I love this. It's both the epitome of anti capitalism, while being so completely fundamental free trade, that it almost makes my head explode (as a university trained economist). I especially love that many who espouse capitalistic ideals will have a hard time wrapping their minds around this too. It's so easy to forget that any time money changes hands without extortion involved that's capitalism at it's finest. And the fact that the store is looking to the future, and using the patronage (in it's most classical sense) to increase it's capital to help stabilize itself in the long term just really makes me smile from all the dichotomous ideas at play.
I mean, it's not really capitalism. It's liberty.

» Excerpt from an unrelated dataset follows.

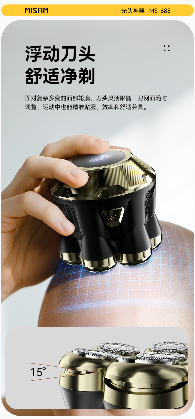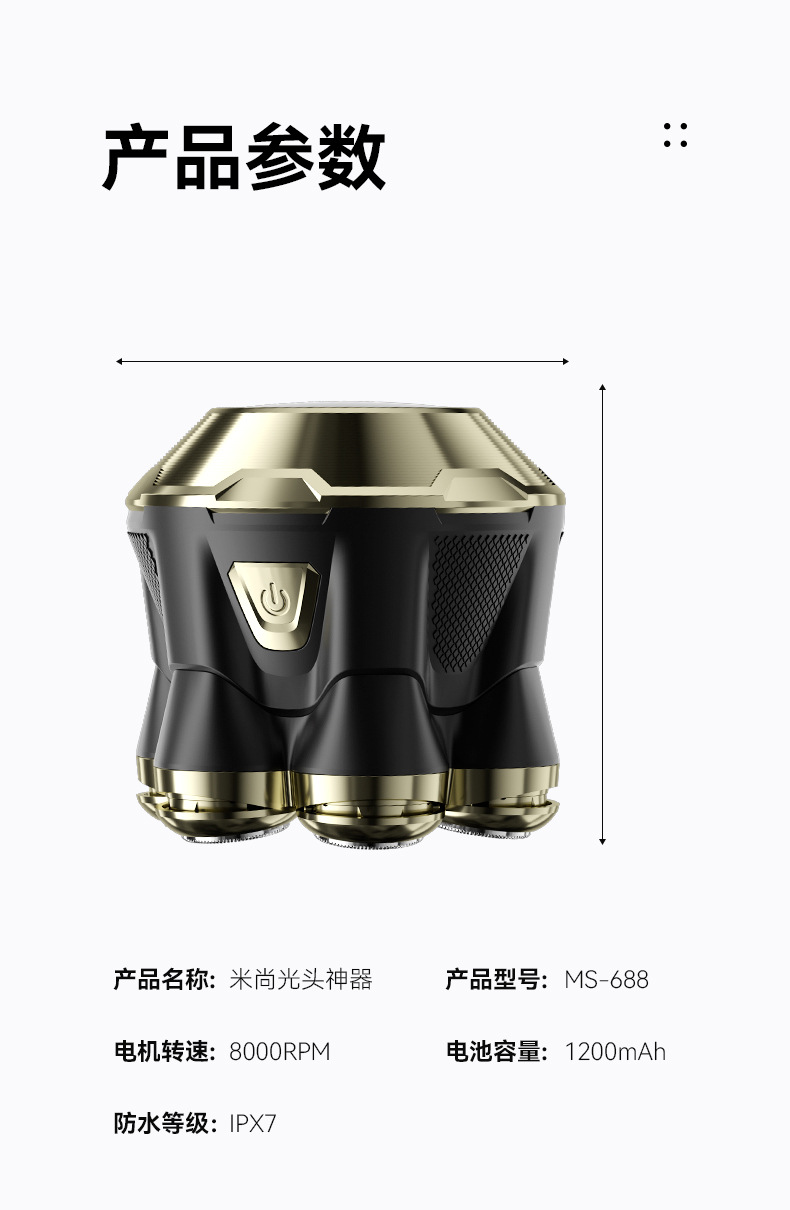 跨境10W高功率光头神器全身水洗剃光头自用理发器电动剃须刀光头

Capitalism works under a lot of assumptions, one of them is no friction with information. This particular story is just taking advantage of a small, imperceptible (to the rentors) risk capital gap, but some savvy and attached fans saw it and wanted to take advantage of it.

It's just like a lot of microfinance in say a poor struggling neighborhood in Bangladesh. There's money to be made there, but most traditional bankers or participants would ignore it or be blind to it. When socialism steps in is not when it's able to cover that gap, but when it has the foresight or wisdom to know why that gap should be covered. That wisdom is something that doesn't always happen in less than ideal capitalist systems.

It's not anti-capitalism — people are paying for the existence of something they want. How is that antithetical to a competitive market?
And why would someone who espouses capitalistic ideals struggle to wrap their head around it? It's a pretty simple concept.
It's an interesting example of the value of customer goodwill.

In addition to being a bookshop, Borderlands is a cultural hub for SF/F readers in the Bay Area. As such, it's not simply selling SKUs at the cheapest viable price, it's providing an intangible curatorial service. Amazon may crowdsource reader reviews but they're unlikely to be as insightful as suggestions by enthusiastic staff who know what they're selling, and the usual recommendations engines are less effective than one of those staff engaging in Q&A with a customer to find something new that they might like.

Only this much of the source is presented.